The next post will review the presentations by the radical wing of economics at ASSA 2021.

Mike Roberts: ASSA 2021: part two – the radical answers


Mike Roberts summary of the ASSA URPE (Union of Radical Political Economists( sessions, part 2. Interesting to compare Roberts summaries with those of Equitable Growth published earlier. Different topics, but good example of distinctions between Marxist and social-democratic approaches to similar challenges.

At the annual conference of the American Economics Association (ASSA), there are sessions hosted by the Union for Radical Political Economics (URPE) for Marxist and other heterodox economists to present papers.

At this year's ASSA 2021, many of the URPE sessions were concerned with the economic impact of COVID-19 and climate change, as did the mainstream sessions, but, of course, from a different perspective. But before I look at those sessions, let me start with the annual David Gordon lecture presented by a different radical economist each year.

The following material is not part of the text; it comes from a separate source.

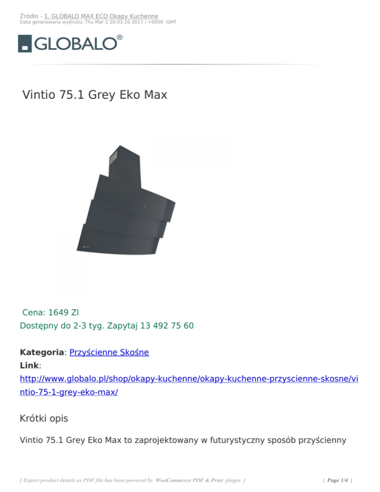 Źródło - 1. GLOBALO MAX ECO Okapy Kuchenne Data generowana wydruku: Thu Mar 2 20:03:10 2017 / +0000 GMT Vintio 75.1 Grey Eko Max Cena: 1649 Zl Dostępny do 2-3 tyg. Zapytaj 13 492 75 60 Kategoria: Przyścienne Skośne Link: http://www.globalo.pl/shop/okapy-kuchenne/okapy-kuchenne-przyscienne-skosne/vi ntio-75-1-grey-eko-max/ Krótki opis Vintio 75.1 Grey Eko Max to zaprojektowany w futurystyczny sposób przyścienny [ Export product details as PDF file has been powered by WooCommerce PDF & Print plugin. ] | Page 1/4 | Źródło - 1. GLOBALO MAX ECO Okapy Kuchenne Data generowana wydruku: Thu Mar 2 20:03:10 2017 / +0000 GMT okap kuchenny o niecodziennej, grafitowej barwie. Ciekawy design łączy się z szerokimi funkcjonalnościami, dzięki czemu urządzenie to chętnie wybierane jest do kuchennych wnętrz. Maksymalna wydajność: 810 m3/h Klasa energetyczna: A Sterowanie dotykowe + pilot Okap kuchenny Vintio 75.1 Grey Eko Max | Zalety i korzyści dla użytkownika Funkcjonalności: Tryb działania: okap przyścienny Vintio 75.1 Grey Eko Max może pracować w jednym z 2 trybów: pochłaniacza bądź wyciągu. Pochłaniacz filtruje powietrze, sprawiając, że jest ono czystsze, a co za tym idzie - zdrowsze. Wyciąg (tryb możliwy tylko w przypadku podłączenia sprzętu do kanału wentylacyjnego) wyprowadza nieprzyjemne opary poza budynek. Filtry: okap kuchenny Vintio 75.1 Grey Eko Max posiada wbudowany wielowarstwowy i wzmacniany filtr aluminiowy (gromadzi tłuste cząsteczki i zapobiega tworzeniu się lepkiej warstwy na kuchennych sprzętach). Z kolei w trybie pochłaniacza istnieje możliwość dokupienia filtra węglowego (neutralizuje nieprzyjemne dla naszych nosów zapachy). Na uwagę zasługuje też niezwykle subtelne oświetlenie LED. Ta stylowa iluminacja świetlna nie tylko ozdobi pomieszczenie, ale również sprawdzi się podczas wieczornego gotowania. Dotykowe sterowanie jest niezwykle proste, a zarazem przyjemne – delikatny ruch palca wystarczy, by włączyć, zaprogramować bądź wyłączyć urządzenie. Do zestawu dołączony jest również pilot do sterowania zdalnego. Trzystopniowa regulacja prędkości + funkcja boost umożliwiają dostosowanie szybkości pracy urządzenia do natężenia zanieczyszczeń bądź pary wodnej w pomieszczeniu. Okap kuchenny Vintio 75.1 Grey Eko Max posiada również 15-minutowy timer (czyli wyłącznik czasowy). Przeznaczenie: Okap kuchenny skośny Vintio 75.1 Grey Eko Max w stylowej, grafitowej odsłonie nie [ Export product details as PDF file has been powered by WooCommerce PDF & Print plugin. ] | Page 2/4 | Źródło - 1. GLOBALO MAX ECO Okapy Kuchenne Data generowana wydruku: Thu Mar 2 20:03:11 2017 / +0000 GMT tylko udekoruje, ale również rozświetli nowoczesną kuchnię. Materiały: Prezentowany przez nas okap kuchenny Vintio 75.1 Grey Eko Max to połączenie wysokiej klasy stali oraz szkła hartowanego. Dobrze wiedzieć! W utrzymaniu okapu Vintio 75.1 Grey Eko Max w czystości pomoże nam uniwersalny spray Berner Wonderclean. W przypadku zwykłych zabrudzeń (np. kurzu) należy przetrzeć powierzchnię urządzenia delikatnie zwilżoną, miękką ściereczką. [vc_column][vc_button title="Jaki wybrać okap?" custom_color="#58ccef" custom_icon="fa-question" custom_pos="left" href="/wybor-najlepszego-okapu-kuchennego/"][vc_button title="Pomaluj okap" custom_color="#58ccef" custom_icon="fa-magic" custom_pos="left" href="/kolorowe-okapy/"][vc_button title="Stwórz własny okap" custom_color="#58ccef" custom_icon="fa-star" custom_pos="left" href="/stworz-wlasny-okap/"][vc_button title="Punkty sprzedaży" custom_color="#58ccef" custom_icon="fa-globe" custom_pos="left" href="/punkty-sprzedazy/"] Specyfikacja produktu: - Wymiary: 85 x 58 x 51 cm - Waga: 18 kg - Waga okapu: 16 kg - Szerokość: 75 cm - Głębokość: 41 cm - Wysokość: 87,8 - 114,3 cm - Filtr aluminiowy: wielowarstwowy, wzmacniany - Filtr węglowy: okrągły ASC 200 (1 kpl.) opcjonalnie - Kod EAN: 5900652382613 - Sterowanie: sensorowe (dotykowe) z wyświetlaczem LED + pilot - Moc silnika: 275 W - Oświetlenie: diodowe 2 x 1,2 W [ Export product details as PDF file has been powered by WooCommerce PDF & Print plugin. ] | Page 3/4 | Źródło - 1. GLOBALO MAX ECO Okapy Kuchenne Data generowana wydruku: Thu Mar 2 20:03:11 2017 / +0000 GMT - Średnica wylotu: fi 15 cm, redukcja fi 12 cm - Timer: 15 min - Wykonanie: stal lakierowana na szaro, szare hartowane szkło - Zakres prędkości: 3 + boost - Dodatki: pilot - Gwarancja: 2 lata - Tryb pracy: pochłaniacz, wyciąg - Turbina zewnętrzna: okap może pracować z turbiną zewnętrzną - Typ okapu: Przyścienny Skośny - Kolor okapu: szary - Wydajność min.: 335 m3/h - Wydajność max: 605 m3/h - Wydajność boost: 810 m3/h - Głośność min.: 51 dB - Głośność max: 63 dB - Głośność boost: 69 dB - Klasa energetyczna: Klasa A - Wprowadzono: 2015-11-05 - Marka: GLOBALO [ Export product details as PDF file has been powered by WooCommerce PDF & Print plugin. ] | Page 4/4 |
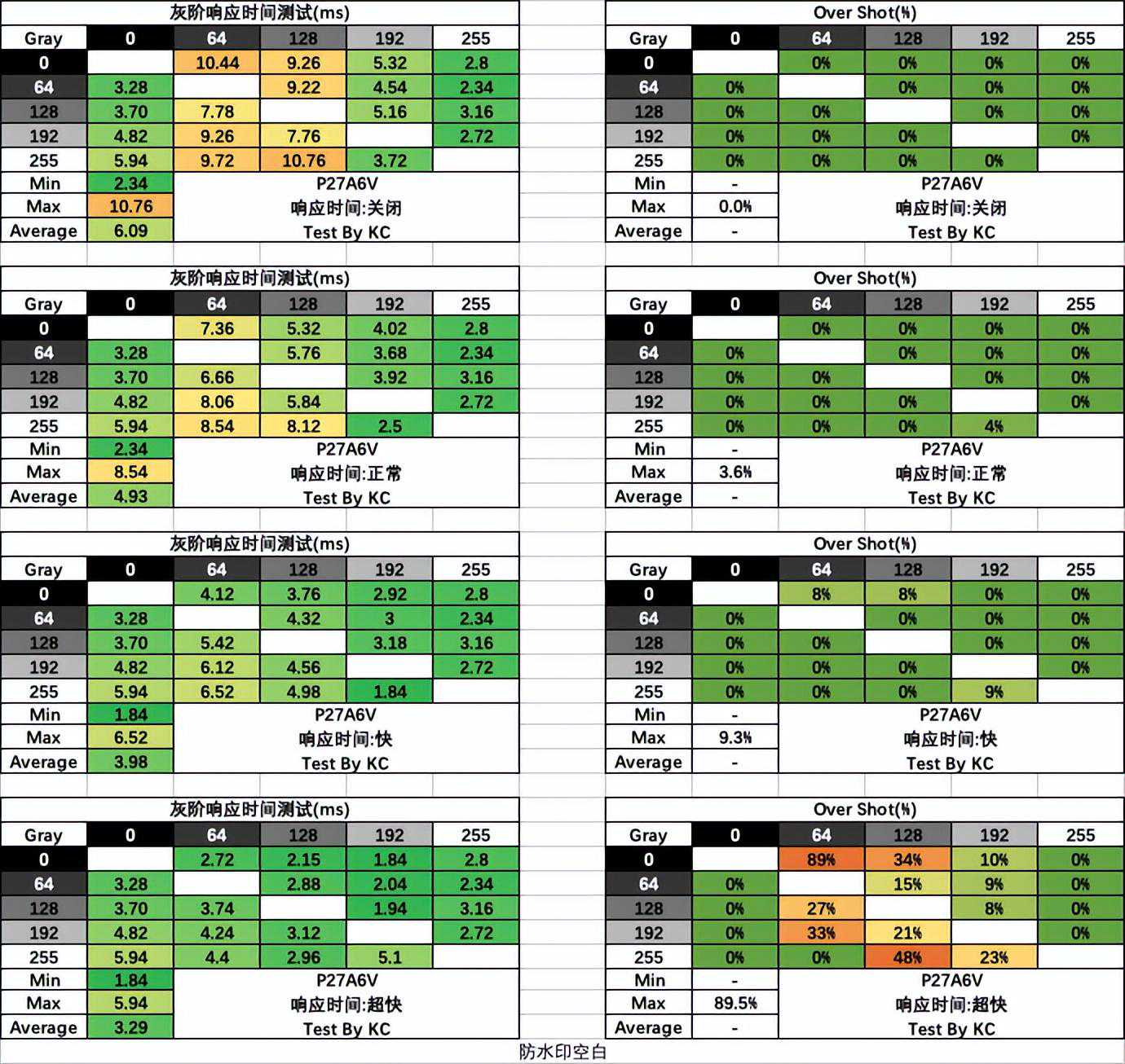 对于游戏显示器而言,最重要的可能就是响应时间以及HDR效果,所以这次的测试首先是响应时间。P27A6VOSD内响应时间分为关闭、正常、快、超快,分别对应OD关闭,以及三种不同档位的OD调节。注意这里测试的G2G响应时间,采用感光Sensor直接测试Rising/FallingTime,测试标准也比厂家标称更加严格。分别测量0/64/128/192/255灰阶间的响应时间,同时也记录每个灰阶变换时的OverShot,很多厂家标称1msG2G的显示器在本标准下测试实际G2G在2ms左右。

This year it was Michael Hudson who gave the lecture. Hudson is a longstanding radical economist with a wide reputation.  He considers himself a classical' economist. His theme for the lecture was Has Finance Capitalism Destroyed Industrial Capitalism?  Hudson argued that capitalism started as a progressive force in developing the productive forces because it was industrial capitalism.  But since the 1980s, 'financial capitalism' had superseded industrial capitalism.  And this was really a return to feudalism where the surplus in an economy was extracted by landlords (rent) and financiers (interest and capital gains), not by exploitation of labour power (profits).

Feudalism had originally been critiqued by the great classical economists like Adam Smith and David Ricardo who reckoned that the landlords and financiers held back the productivity of labour by reducing the surplus going to the industrial capitalists.  Hudson argued that Marx also supported industrial capitalism as progressive, being he was "the last of the great classical economists."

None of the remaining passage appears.